Uma acusação que lhe é feita é a de que suas empresas viviam de favores públicos, como se não fosse o modo de agir da época. Em razão dos governos serem muito intervencionistas se tornava impossível fazer grandes projetos sem sua proteção. O que não se diz é que graças a sua iniciativa surgiram inúmeros serviços públicos nas áreas de gás e iluminação, telefonia, hotelaria, madeireiras e inclusive a Vale do Rio Doce, bem como portos e ferrovias. Daí não ser de espantar que digam dele que "teve mais fome de terras do que qualquer personagem da história da América Latina desde o tempo dos incas" (palavras de seu biográfo Charles Gauld). Para quem, como ele, levantava altas somas para financiar seus projetos (dizia-se capaz de financiar qualquer coisa) é evidente que também foi muito hábil na autopromoção de sua imagem, sempre se esforçando para aparecer na imprensa como sendo um exemplo de capitalista norte-americano altamente bem sucedido, um ícone do empreendedorismo, o que não podia deixar de lhe render alguns admiradores na mesma proporção que despertava inveja e até mesmo ódio. Um estrangeiro de sucesso em países alheios, e com idéias próprias, não era para muitos o melhor dos visitantes, principalmente, com negócios rentáveis. E, como Charles A. Gauld, reconhece "O gênio de Farquhar estaria mais do lado da visão e da capacidade de levantar dinheiro para expandí-las do que da administração eficiente e da economia de custos nas suas 38 empresas."
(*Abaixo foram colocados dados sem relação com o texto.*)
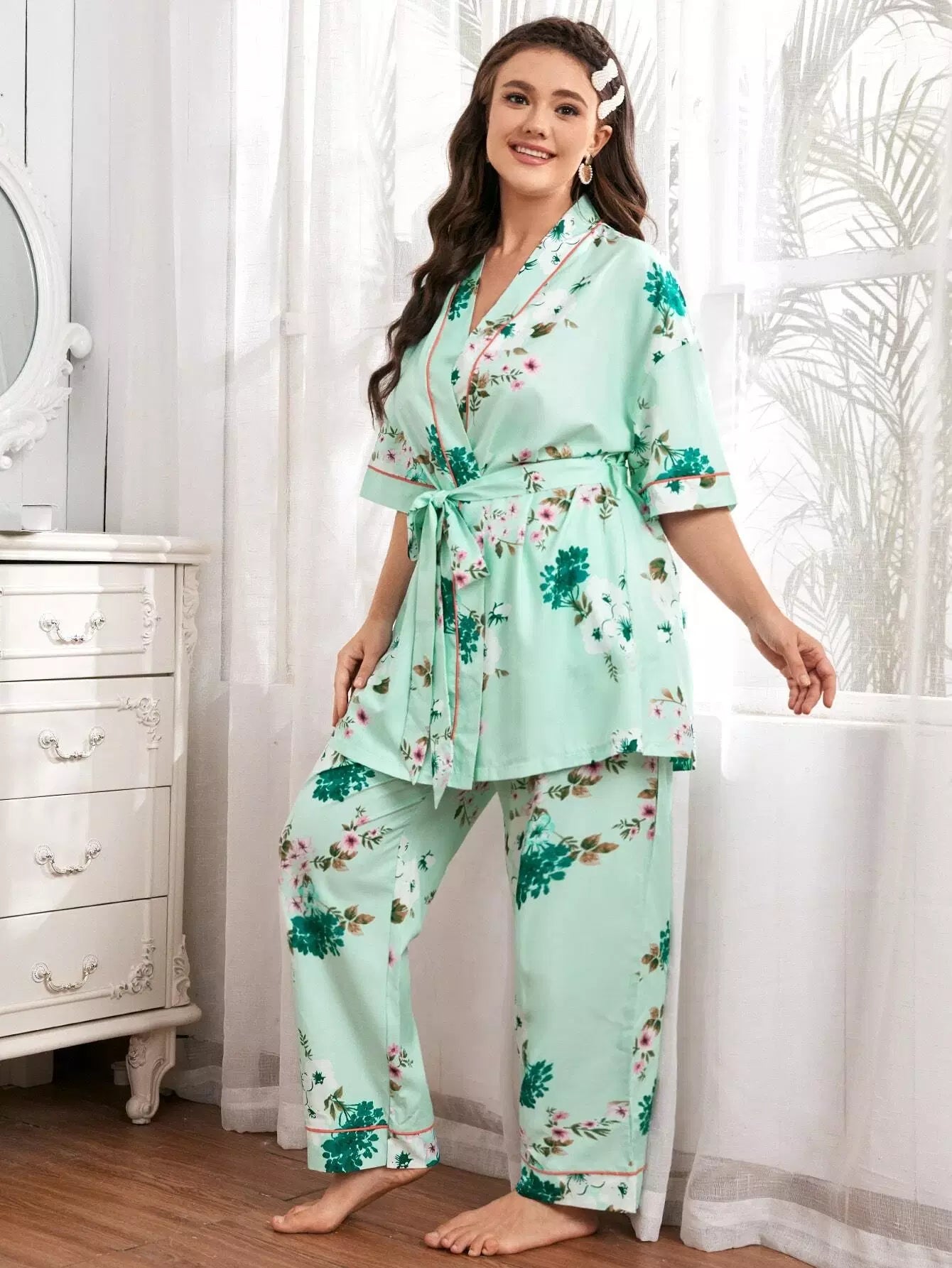 بالإضافة إلى مجموعة بيجامة متباينة الأزهار بدون حزام

Sua chegada ao Brasil se deve ao distrato com o Bolivian Syndicate e ao compromisso assumido pelo governo brasileiro de construir a Estrada de Ferro Madeira-Mamoré, considerado “um empreendimento obscuro e assombroso, anárquico e absurdo”. Muitos alegam as mortes e os danos ambientais como seu legado, porém, julgam o passado com os olhos do presente. Percival Farquhar é uma figura polêmica, mas, sua grandeza se reflete em que sem seu empreendedorismo Porto Velho não existiria e, sem dúvida, o Brasil de hoje demoraria muito mais a ter os contornos modernos que já possui. Se foi um pirata, como diziam, foi um pirata com visão construtiva. Sua marca de empreendedor permanece muito além de sua vida.